Then both saw the phosphorus gleam and fade, gleam and fade as the waves broke over the coral. Eerie jade-green and white-gold, the phosphorus shone in the starlight.
"Reef-ho!" sang out Abner, and the sound of his shout was echoed back from the closeness of the shore in faint dangerous mockery. "Reef-ho!"
"Reef-ho!" came a third time from the bridge, and then "Heave-ho!" thundered Captain Blizzard. "Drop anchor, lads!"
Abner left his place to go back and lend a hand, and in his sudden solitude Chris grasped a rope and swung down to the water.
A porpoise slipped away from the Mirabelle and moved this way and that to get its bearings. Then the mass of the reef to the left and the hidden shelf of a second but obscured underwater reef to the right made dark patches in the phosphorescence. Far below lay the ghostly spread of sand, and the porpoise nosed its way forward.
The channel to the cove proved to be some five hundred yards long, and it seemed no time before the porpoise passed from the shadow of the trees at the shore into the starlit cup of the cove. Taking a turn about in the enjoyment of flipping its fins and giving a leap or two, the big fish then went back toward where the Mirabelle hung suspended on the glassy sea.

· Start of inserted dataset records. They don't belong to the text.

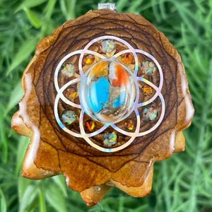 Spiny Oyster Turquoise with Crushed Opal & Seed of Life
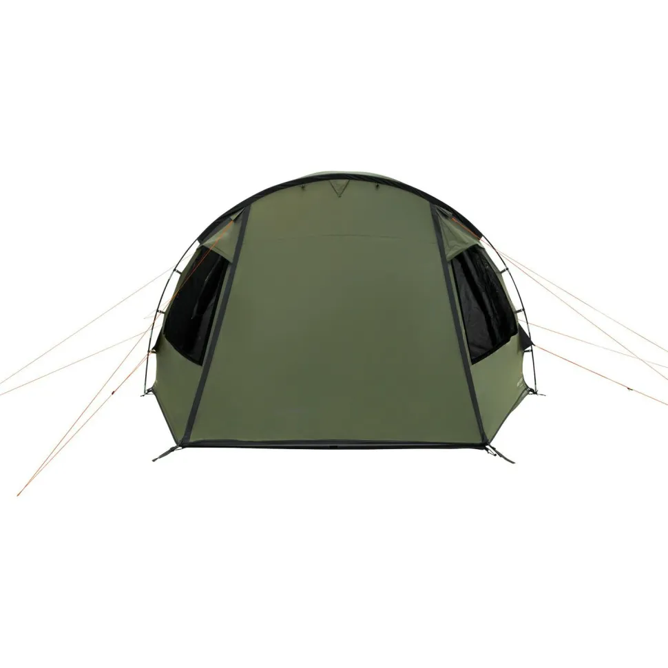 Platz für die Familie oder einen Teil der Jugendgruppe bietet das Kinn 5 von Easy Camp. Dieses Gruppenzelt eignet sich für Campingurlaube und Zeltlager bestens. Durch seine Konstruktion als Kuppelzelt steht es auch bei stärkerem Wind sicher. Darüber hinaus ist es in Teilen freistehend und kann notfalls auch ohne zusätzliche Ankerpunkte aufgestellt werden. Allerdings entfällt dann die Apsis. Die Außenhaut ist dabei wind- und wasserdicht, auch anhaltender Niederschlag kann dem Zelt nichts anhaben. Zusätzlich sorgen der eingenähte Boden und die Zeltunterlage für das Vorzelt dafür, dass keine Nässe von unten her ins Zelt eindringen kann.
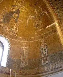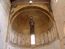 2/ Dans le cul-de-four figure la Vierge à l'Enfant (XIIIe siècle), la fenêtre centrale inférieure représentant le Christ. Comme il était d'usage dans la symbolique religieuse byzantine, la Vierge amorce une génuflexion. Elle tient le Suaire du Christ, alors que l'enfant tient le rouleau de la loi, qui figure une triple ascendance temporelle, traditionnelle et spirituelle. Une abréviation grecque au-dessus de la Vierge signifie "Mère de Dieu". En dessous, les Apôtres avancent dans une prairie de coquelicots (XIIe siècle).
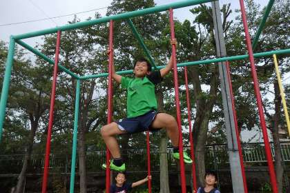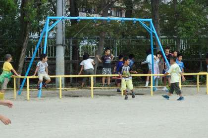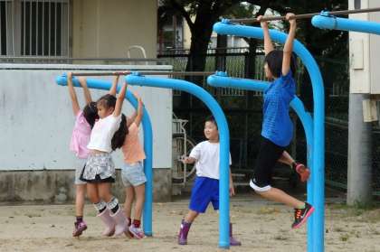 運動場ではブランコや上り棒など,遊具遊びでのんびりゆったり。グループで固まりながら,思い思いの遊びをします。
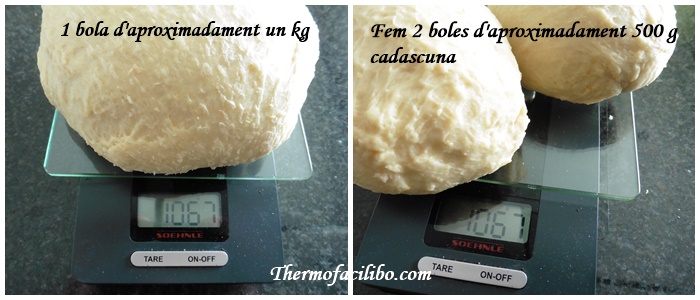 - Dividir la massa en 2 boles, per fer 2 tortells de ½ kg.
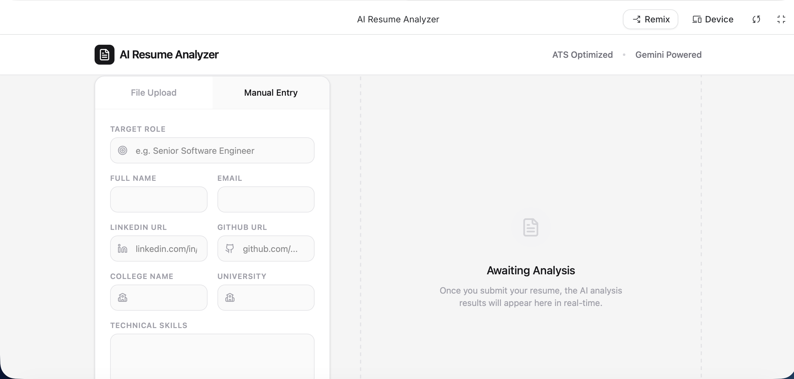 Many students and job seekers struggle to create resumes that pass company screening systems. Most companies use AI-based Applicant Tracking Systems (ATS) to filter resumes before a recruiter sees them. Because of this, many good candidates get rejected due to missing keywords or poor formatting. This problem inspired me to build an AI Resume Analyzer that helps users improve their resumes by analyzing skills, keywords, and formatting. What the Project Does The AI Resume Analyzer allows users to upload their resume and receive instant feedback. The system analyzes the resume and provides: Resume score based on quality and keywords Skill detection from the resume Suggestions for improvement Keyword optimization for ATS systems Job role matching recommendations This helps users improve their resume and increase their chances of getting shortlisted for jobs. How I Built the Project I built this project using programming and AI tools. The system reads the resume file, extracts the text, and analyzes it using AI techniques. Main technologies used: Python for backend logic Natural Language Processing (NLP) to analyze resume text Machine Learning / AI models to detect skills and keywords A simple web interface where users upload their resume The workflow of the system is: User uploads resume (PDF or DOCX) System extracts text from the resume AI analyzes skills, keywords, and structure The system generates a resume score Suggestions are displayed to improve the resume Challenges I Faced While building this project, I faced several challenges: Extracting accurate text from PDF resumes Identifying relevant skills and keywords Designing a clear and simple user interface Making the analysis fast and useful for users By solving these challenges, I learned more about AI, NLP, and software development. What I Learned Through this project, I learned: How AI can analyze text data Basics of Natural Language Processing How resume screening works in companies How to design a practical AI-based solution to solve a real-world problem This project shows how AI can assist job seekers by improving their resumes and helping them prepare for job opportunities.
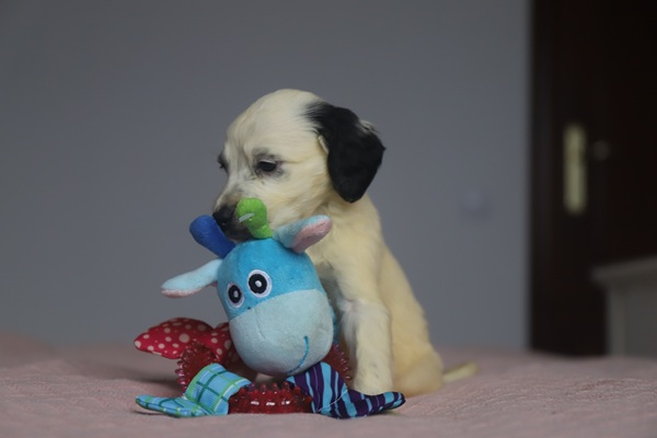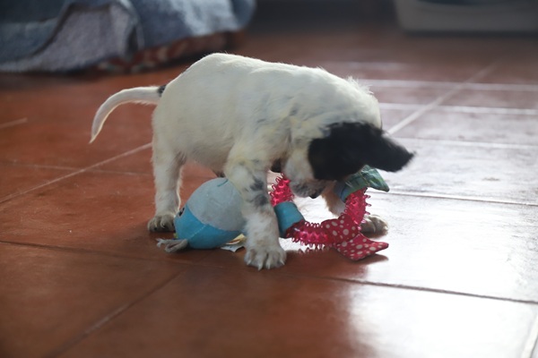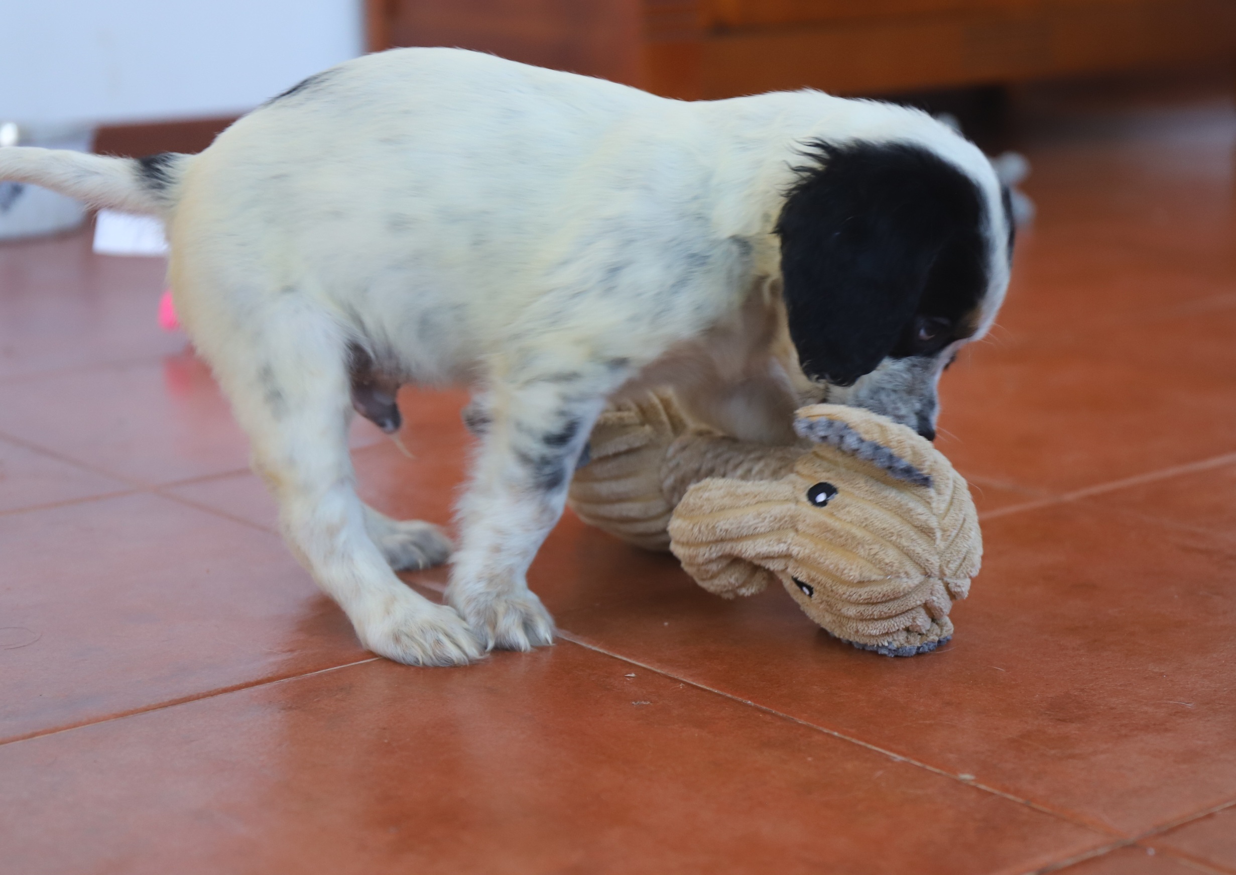 Nach der ersten Nacht in seinem neuen zu Hause, hat er seine neue Familie mit seinen Geschwistern verwechselt. Er hat mit uns den Welpen- Alltag fortsetzen wollen, so wie er es gewohnt war. Er sprang über Tisch und Stühle und über uns hinweg. Genauso wie er ruhig und entspannt sein kann, zeigt er sein überaus temperamentvolles und wildes Wesen.

A boy it was that pulled himself up hand over hand along the anchor rope and stood dripping sea water on the bridge before Captain Blizzard.
"I've found the channel, sir," he said, abruptly conscious of his importance from the admiring way in which Amos was staring at him. "There's a dangerous shelf of coral that juts out on the port side—if you let me go first, and the men man the boats and row her in, I think we shall do it safely even in this light."
Captain Blizzard looked at him, his expression both serious and trusting.
"Well lad, we do what we must, and you and I understand one another. Ahoy there!" he roared down to the shadowy decks from which the black spikes of masts rose high to break the sky. "Man the boats! We shall tow the Mirabelle to cover, for there's a channel here!"